## EXCERPTED RECORDS

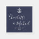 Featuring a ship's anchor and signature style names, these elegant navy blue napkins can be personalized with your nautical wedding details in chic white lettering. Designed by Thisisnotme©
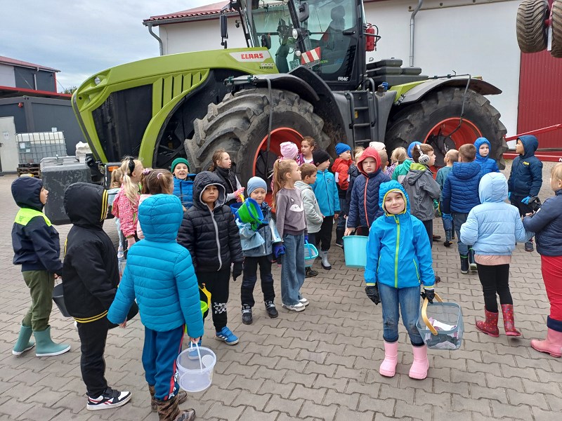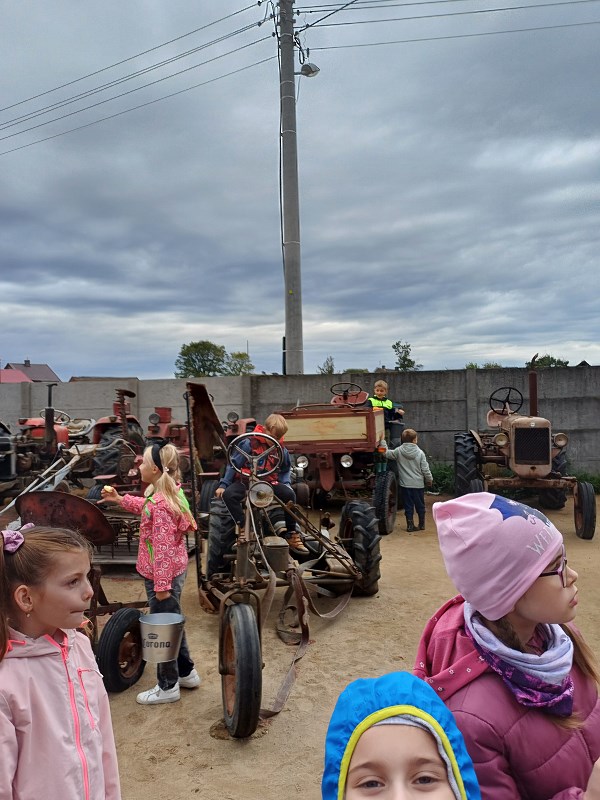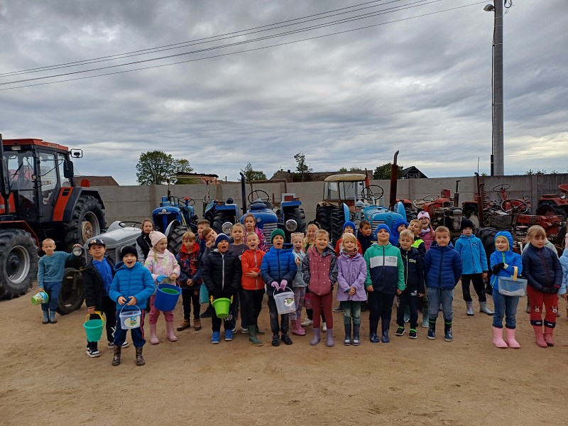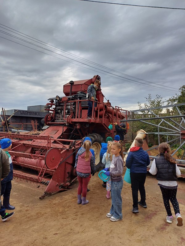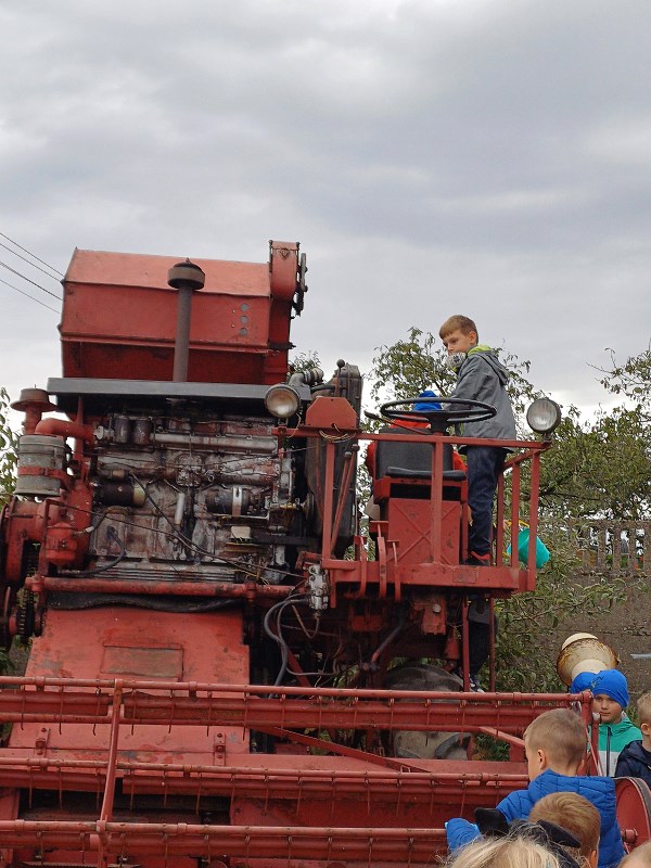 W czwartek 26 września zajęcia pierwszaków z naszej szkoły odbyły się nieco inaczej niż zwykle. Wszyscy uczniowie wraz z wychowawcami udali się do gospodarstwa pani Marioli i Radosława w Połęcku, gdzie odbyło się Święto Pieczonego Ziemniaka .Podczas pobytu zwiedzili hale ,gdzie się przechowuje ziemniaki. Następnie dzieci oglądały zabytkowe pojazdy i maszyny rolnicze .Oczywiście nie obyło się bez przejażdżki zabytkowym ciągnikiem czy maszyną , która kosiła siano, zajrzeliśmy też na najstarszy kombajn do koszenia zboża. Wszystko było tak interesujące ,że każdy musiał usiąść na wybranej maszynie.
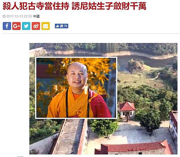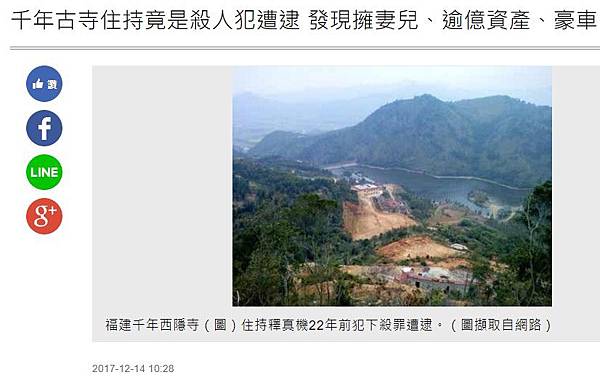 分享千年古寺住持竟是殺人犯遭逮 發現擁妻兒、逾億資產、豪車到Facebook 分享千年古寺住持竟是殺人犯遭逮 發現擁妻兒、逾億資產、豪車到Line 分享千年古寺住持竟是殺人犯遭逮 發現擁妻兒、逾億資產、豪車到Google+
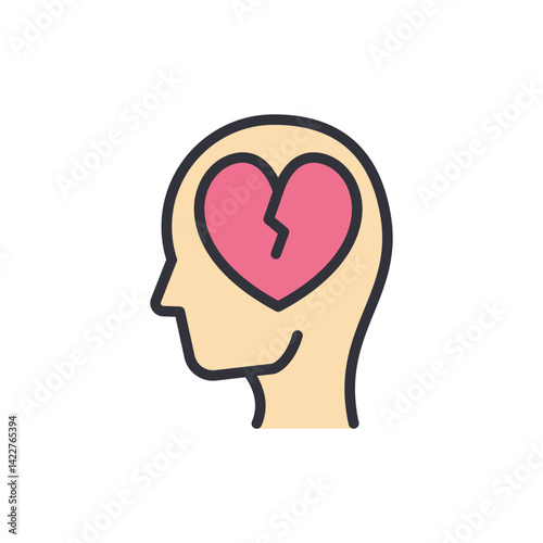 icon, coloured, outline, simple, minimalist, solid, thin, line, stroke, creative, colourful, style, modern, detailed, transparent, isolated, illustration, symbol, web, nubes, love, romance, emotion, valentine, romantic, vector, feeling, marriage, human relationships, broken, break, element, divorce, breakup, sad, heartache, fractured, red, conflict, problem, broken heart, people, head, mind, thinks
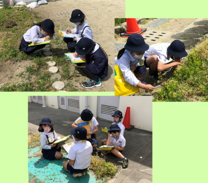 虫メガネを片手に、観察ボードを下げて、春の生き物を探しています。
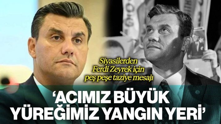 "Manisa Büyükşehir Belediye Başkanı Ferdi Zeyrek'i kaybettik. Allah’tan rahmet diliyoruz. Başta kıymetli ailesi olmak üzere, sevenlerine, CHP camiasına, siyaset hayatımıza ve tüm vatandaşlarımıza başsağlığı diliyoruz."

## REQUIREMENT
Take the entries above and set them down exactly, minus the pictures.

## REPLY TO THE TASK
 Featuring a ship's anchor and signature style names, these elegant navy blue napkins can be personalized with your nautical wedding details in chic white lettering. Designed by Thisisnotme©
 W czwartek 26 września zajęcia pierwszaków z naszej szkoły odbyły się nieco inaczej niż zwykle. Wszyscy uczniowie wraz z wychowawcami udali się do gospodarstwa pani Marioli i Radosława w Połęcku, gdzie odbyło się Święto Pieczonego Ziemniaka .Podczas pobytu zwiedzili hale ,gdzie się przechowuje ziemniaki. Następnie dzieci oglądały zabytkowe pojazdy i maszyny rolnicze .Oczywiście nie obyło się bez przejażdżki zabytkowym ciągnikiem czy maszyną , która kosiła siano, zajrzeliśmy też na najstarszy kombajn do koszenia zboża. Wszystko było tak interesujące ,że każdy musiał usiąść na wybranej maszynie.
 分享千年古寺住持竟是殺人犯遭逮 發現擁妻兒、逾億資產、豪車到Facebook 分享千年古寺住持竟是殺人犯遭逮 發現擁妻兒、逾億資產、豪車到Line 分享千年古寺住持竟是殺人犯遭逮 發現擁妻兒、逾億資產、豪車到Google+
 icon, coloured, outline, simple, minimalist, solid, thin, line, stroke, creative, colourful, style, modern, detailed, transparent, isolated, illustration, symbol, web, nubes, love, romance, emotion, valentine, romantic, vector, feeling, marriage, human relationships, broken, break, element, divorce, breakup, sad, heartache, fractured, red, conflict, problem, broken heart, people, head, mind, thinks
 虫メガネを片手に、観察ボードを下げて、春の生き物を探しています。
 "Manisa Büyükşehir Belediye Başkanı Ferdi Zeyrek'i kaybettik. Allah’tan rahmet diliyoruz. Başta kıymetli ailesi olmak üzere, sevenlerine, CHP camiasına, siyaset hayatımıza ve tüm vatandaşlarımıza başsağlığı diliyoruz."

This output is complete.